Разумеется, Григорий Васильевич не просто сунул царевичу и охране по грузику на ремешке, а потребовал выучить основные приемы боя против оружного врага, потренироваться, поставить удар. Да плюс велел пошить снаряжение, да плюс закон Божий заставил повторить, дабы в беседах с мирянами не позорились, да еще какие-то хлопоты нашлись… И потому в дорогу путники выступили только в августе, а в Толвую добрались и вовсе в сентябре.
Инокиня Марфа встретила царевича на удивление спокойно. Поднялась навстречу вошедшему в келью пареньку, окинула взглядом, после чего вручила ему шкатулку с драгоценным свитком и оставила на полдня изучать записи, сверяя внесенные десять лет назад в "обыск" приметы с собственным телом.
Дмитрий Иванович вышел только к ужину и согласно кивнул смиренно ожидающей его ответа женщине:
– Да, я верю. Это обо мне. Не понимаю токмо, зачем все было делать так сложно, запутанно?
– Предыдущий государь полагал постричь тебя в монахи и тем самым лишить права на трон, – спокойно ответила Марфа. – Дабы он сего не сотворил, твоя матушка и родные дядьки назвали тебя мертвым и приняли постриг, как наказание за твою гибель. Зато тебя никто не искал, и теперь ты жив, ты возмужал, и права на царский венец остаются за тобой.
– Ты тоже приняла постриг за меня?
– Можно сказать и так, – согласно кивнула монахиня. – И я, и мой муж Федор Никитич из рода Захарьиных. Все мы несем жертвы ради твоего возвышения.
– И что теперь?
– Ты не можешь выйти на городскую площадь и громогласно объявить о своем титуле, Дмитрий Иванович. Тебя тут же повяжут, отправят в Разбойный приказ и там тихо удавят, дабы никто не прознал о твоем существовании. Ты не можешь выйти на площадь и объявить о себе в Польше, ибо тебя просто закидают тухлым луком. Чтобы стать царевичем, тебе надобно явиться к королевскому двору и предъявить свои доказательства там.
– Если я постучусь в королевские ворота, меня просто повесят перед ними, – вздохнул паренек. – Это же схизматики! Для них казни есть главное развлечение. Вешают без колебаний и правых, и виноватых, по поводу и без.
– Это верно, – согласилась инокиня. – Поэтому я пытаюсь добыть для всех вас рекомендательные письма к знатным магнатам.
– Но почему Польша, матушка? Почему не Бухара, Хива, Персия, не Высокая Порта?
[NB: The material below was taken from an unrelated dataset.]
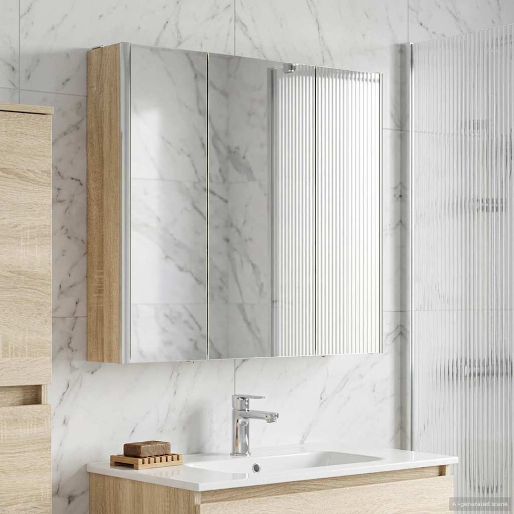 Tämä moderni kylpyhuoneen peilikaappi yhdistää tyylikkään muotoilun ja käytännölliset ominaisuudet, tehden siitä oleellisen lisän nykyaikaiseen kylpyhuoneeseen. Minimalistinen rakenne ja puhtaat linjat tarjoavat hienostuneen ilmeen, mutta kaappi on myös täynnä säilytystilaa päivittäisille tarvikkeille. Valaistus parantaa näkyvyyttä ja tunnelmaa, yhdistäen käytännöllisyyden ja muotoilun.

Почему не Швеция, на худой конец?
– Потому, что у меня есть множество знакомых из числа Гедеминовичей и ни единого друга, имеющего родичей в Швеции, Османии или иных державах, – пожала плечами монашка. – Больше того, два письма у меня уже имеются. Но они адресованы мелкой шляхте. Нужно подождать ответа князей Глинского и Мстиславского. Они оба королевских кровей, могут дать рекомендацию сразу к высокой знати.
– Я не забуду твоих стараний, Марфа из рода Захарьиных, – пообещал царевич.
– Всегда к твоим услугам, Дмитрий Иванович, – склонила голову инокиня.